1. Will all my staff be allowed to return to office once I resume operations? Do we still need to have split teaming?
Employers must put in place safe management measures before resuming workplace activities, in order to provide a safe working environment and prevent transmission at the workplace.
Employers should ensure that employees whose functions can be done remotely (e.g. by telecommuting) continue to do so. All employers and employees must also adhere to the Safe Management Measures at all times.
If telecommuting is not possible, employers should split their employees into teams. There should be no cross-deployment/interaction between employees in different teams or worksites, even outside of work.
Strict checks will be conducted, and businesses that do not provide a safe workplace for workers will be asked to close their workplace.
2. Do my staff need to carry any documentation to verify that they can return to office?
No. Staff who are returning to their workplaces are not required to carry documentation.
3. Are companies which are resuming operations required to ensure that their employees work from home?
The default mode of working for all companies (including for companies resuming operations in Phases One and Two) should be telecommuting. This is to reduce physical interactions in the workplace in order to minimise spread of COVID-19. Please refer to para 4(a) of MOH’s press release for more details.
To this end, all employers should provide the facilities necessary and have employees work from home, as far as reasonably practicable.

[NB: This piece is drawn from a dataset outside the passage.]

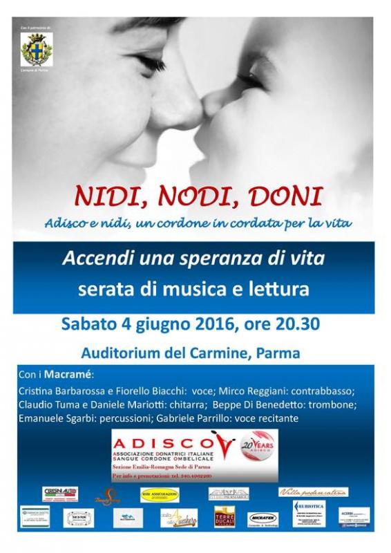 La Associazione Donatrici Italiane Sangue Cordone Ombelicale (ADISCO) Sezione Emilia Romagna, Sede di Parma, a conclusione di un percorso di sensibilizzazione sulla donazione del cordone ombelicale attuato in collaborazione con il Settore Nidi del Comune di Parma e rivolto ai genitori dei bambini iscritti ai Nidi propone una serata di musica e lettura per riflettere sull’importanza del dono del sangue del cordone ombelicale, dono inestimabile che, nel momento più bello per due genitori, la nascita del proprio figlio, può “accendere la speranza di un’altra vita”.

All employees who have been working from home so far should continue to do so, even as operations in their companies resume. Employees whose roles require them to work on-site (e.g. employees cooking or providing dine-in services at F&B outlets) may do so.
MOM’s Safe Management Measures requirements at the workplace, which include ensuring that employees telecommute where possible, can be found here. There is also a list of resources such as technology solutions and grants available to assist companies here.
Checks will be conducted. Businesses whose employers do not provide a safe workplace, ensure employees work from home where possible, or whose workers do not adhere to safe management measures, may have to close their workplaces.
4. What should I do if my employees are unwilling to work from home because their home is not conducive for work?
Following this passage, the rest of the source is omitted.